In multi-core processors there are usually certain operations for which software needs to create and maintain variables or data structures in a 1-per-core relation, in my experience, I have seen this for the enabling of the VMX operation in the x86-64 architecture but I’m sure that there are many other examples in this arch as well as in others. The OS is the software component that typically manages the low level hardware resources and architectural features, so this kind of per-cpu operations are something that the OS/kernel deals with. In the case of the linux kernel there is a group of very useful APIs to express the per-cpu operations very efficiently and quite easily.

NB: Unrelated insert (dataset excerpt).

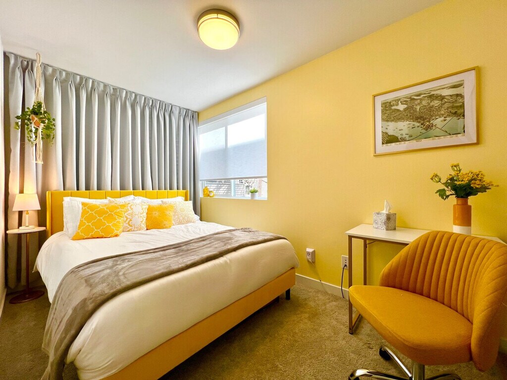 Explore vibrant Capitol Hill from this centrally located townhome with a Walk Score of 96. This stylish four-story townhome, including a rooftop deck, offers a quiet retreat with no steps at the entrance. The townhome complex is situated off a side street, away from the main road, ensuring a peaceful stay. The home features two bedrooms, two bathrooms, and spans 970 sqft, making it perfect for group travel. Enjoy a piece of Seattle in the heart of Capitol Hill, just one block away from dining, shopping, and nightlife. The first floor includes a living room with a queen sofa bed, a 58'' Smart TV, a fully stocked kitchen, and dining area, all air-conditioned. The second floor houses a yellow bedroom with a queen bed, a hallway bath with a bathtub and shower combo, and laundry facilities. The third floor features an orange and blue room with a queen bed, a 50'' Smart TV, and an ensuite bathroom with a shower, also air-conditioned. The fourth floor boasts a rooftop patio with outdoor seating, perfect for al fresco experiences. Free street parking with a city-issued guest parking permit is provided, but it's first-come-first-served due to the densely populated area. Paid public parking is available directly across the street from the townhome complex for a guaranteed spot. Well-trained pets are welcome with a fee of $50 per night, and additional guest fees are $25 per person per night for more than four guests, up to a maximum of six guests. Capitol Hill is the epitome of 21st-century Seattle: young, high-tech, and culturally adventurous. It's the epicenter of coffee culture, home to clubs that spawned the grunge movement, and the site of some of Seattle's biggest events, like Block Party and the Pride Parade. With a high walk score, many dining, shopping, and entertainment options are within walking distance. The townhome is less than a 10-minute walk to the Link Light Rail Capitol Hill Station, providing easy access to other areas in Greater Seattle. A 5-minute drive takes you to downtown Seattle, and Volunteer Park is just three blocks away. This townhome is not handicap-friendly and requires comfort with stairs due to its multiple stories. Self-check-in is available with a code provided 48 hours before arrival. The property enforces quiet hours between 10 pm and 8 am, and there is a strict no parties and no smoking policy, with a $500 fine per violation. Pets are welcome, but they should not be allowed on furniture or linens, and owners must pick up after them. The townhome is equipped with high-speed internet up to 400 Mbps, making it suitable for streaming or remote work needs. A Smart TV is available for entertainment, and the home features big windows that allow plenty of natural light, creating a pleasant work environment. Registration Number: STR-OPLI-23-000490 [SI]

Let’s start with a simple example. Let’s say that you need to use variable, an int for example, but there must be one instance of it for each core present in the CPU. If you want to keep your code portable you would need to inspect your cpu at runtime and find out how many cores it has, then allocate some dynamic memory to store your array of int variables. You don’t need to implement those steps manually since the Linux kernel supports this in a very simple and elegant way.

DEFINE_PER_CPU(<var type>, <name>) 

//i.e.
DEFINE_PER_CPU(int, foo_per_core)
unsigned int cpu_index; 
...
...

for_each_possible_cpu(cpu_index)
	per_cpu(foo_per_core, cpu_index) = 5;
//or

for_each_possible_cpu(cpu_index)
	x = per_cpu(foo_per_core, cpu_index);

//
//<linux kernel src>/include/linux/percpu-defs.h

How the Linux kernel implements this mechanism is a deep topic, where the compiler also takes part, I will not explore that here but this blog post explains it in very good detail.

The Linux kernel also extends this functionality to be able to run functions on specific cores in the system. This is typically useful in some cases where hardware requires that a particular asm instruction or sequence is executed per-core basis, for enabling a feature or managing data structures that are independent for each core.

//i.e.
DEFINE_PER_CPU(int, foo_per_core)
static int x = 0;
...
...

void functionX(void *ptr) {
	int y;

	this_cpu_write(foo_per_core, x);
	// or
	y = this_cpu_read(foo_per_core);
}


void functionY(void) {
	on_each_cpu(functionX, NULL , 1)
}

//
//<linux kernel src>/include/linux/smp.h